Adding a user to other groups:
Example: Adding myuser to the group wheel
usermod -a -G wheel myuser
Creating student users
Students doing projects within the image group can get access to the cluster, provided that they have the need for the computational resources or access to data on the cluster. The project supervisor must approve this access. The student account will only be active for the duration of the project.
A student user should always be in the group 'students'.

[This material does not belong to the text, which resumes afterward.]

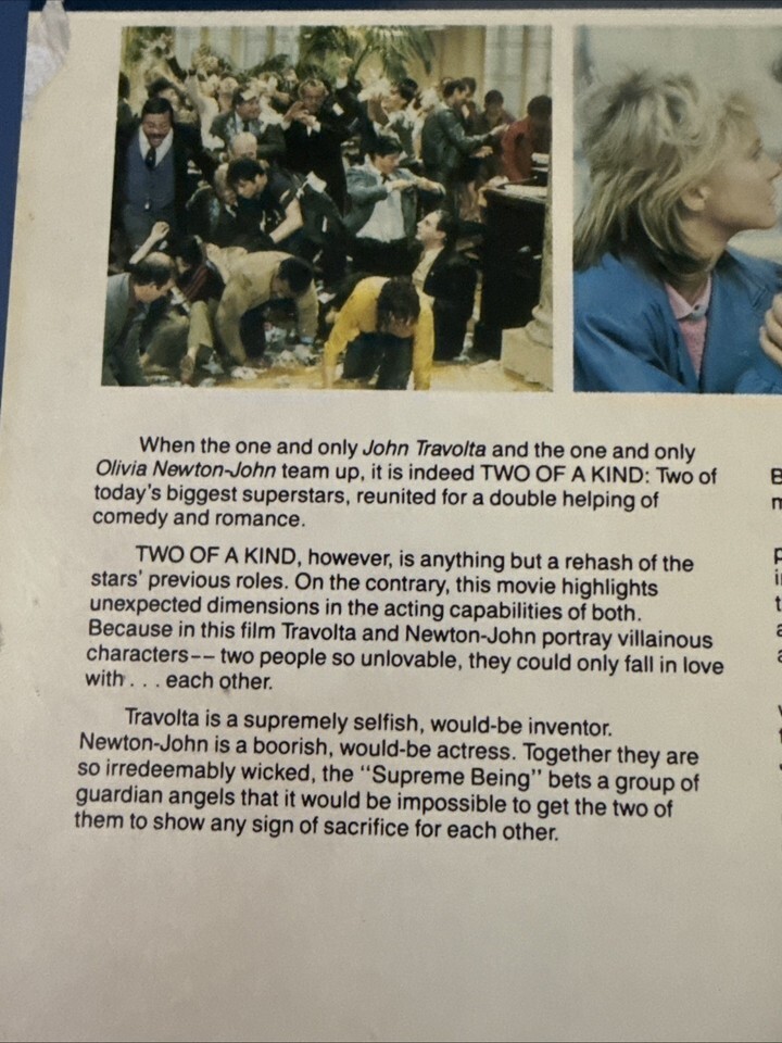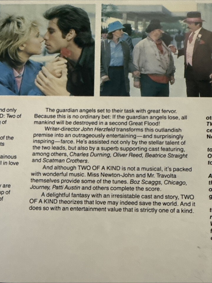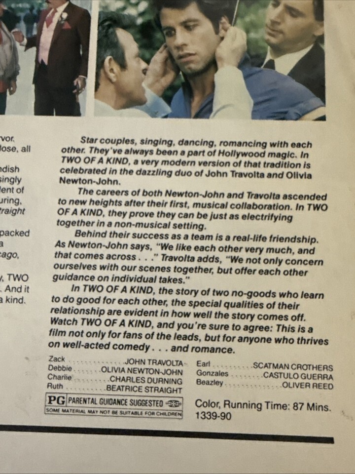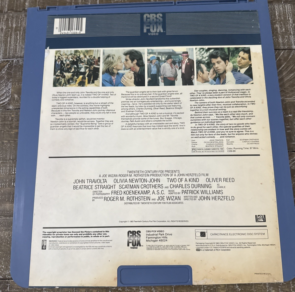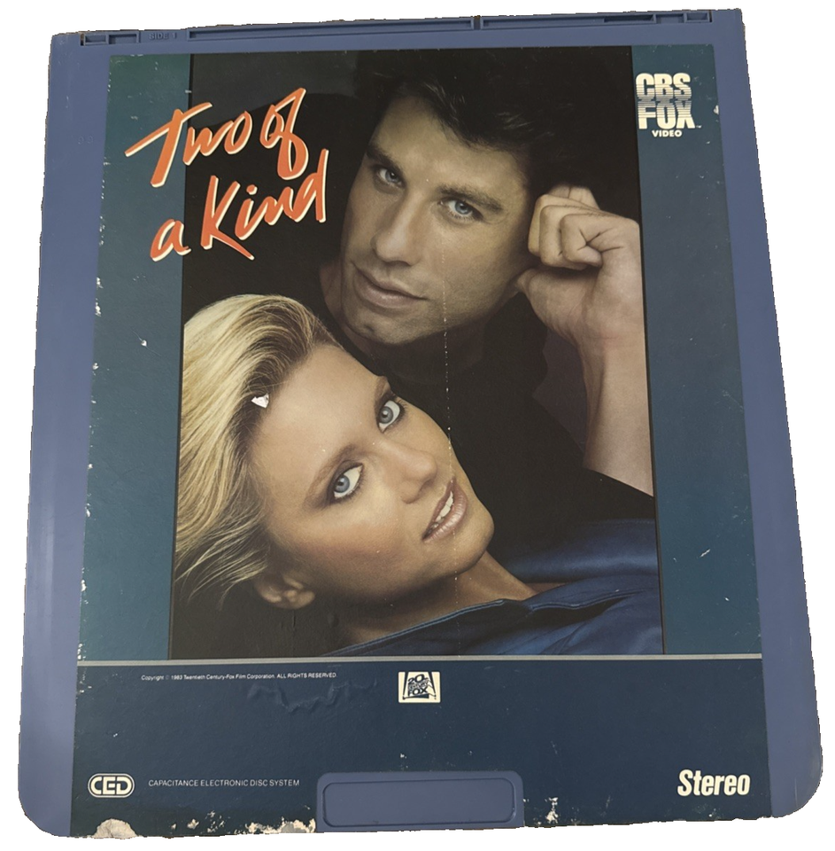 The product is a videodisc featuring the movie "Two of a Kind" starring CBS FOX. This vintage format offers high-quality video and sound, making it a unique collector's item for fans of classic movies. The videodisc allows for larger picture sizes and sharper images compared to VHS tapes or DVDs, providing an enhanced viewing experience for enthusiasts of the film.

Example: How to create the user myuser</br>
On imagediskserver1 as root you can create a new account with the name myuser in the group
'students' with home directory in /home/myuser by:
useradd -m --expiredate <YYYY-MM-DD> -g students -p <crypt output> myuser
Here <YYYY-MM-DD> is the date on which the account will be disabled. Set this date shortly after the time the project deadline.
<crypt output> refers to the crypt encoded password string. You get it from
the diku system by running the following command on ask.diku.dk (or any other host on the diku internal network):
ypmatch myuser passwd
The crypted password is the second string in the ':' separated list.
On the rest of the machines:
Check the user ID (called uid) - can be found using the command "id":
imagediskserver1 ~ # id myuser uid=1100(myuser) gid=443(students) groups=443(students)
Lets assume it is 1100 (don't use the same user ID for all users!!!), then on each machines do
useradd --expiredate <YYYY-MM-DD> -g students -u 1100 -p <crypt output> myuser
Automatic synchronization of passwords with the diku system
Rune is working on this.
Backup
Currently there is no backup of the cluster. The only safety lies in the use of RAID 5 on all disk servers, which in theory should provide tolerance towards one faulty disk per disk server. We are working on a backup solution.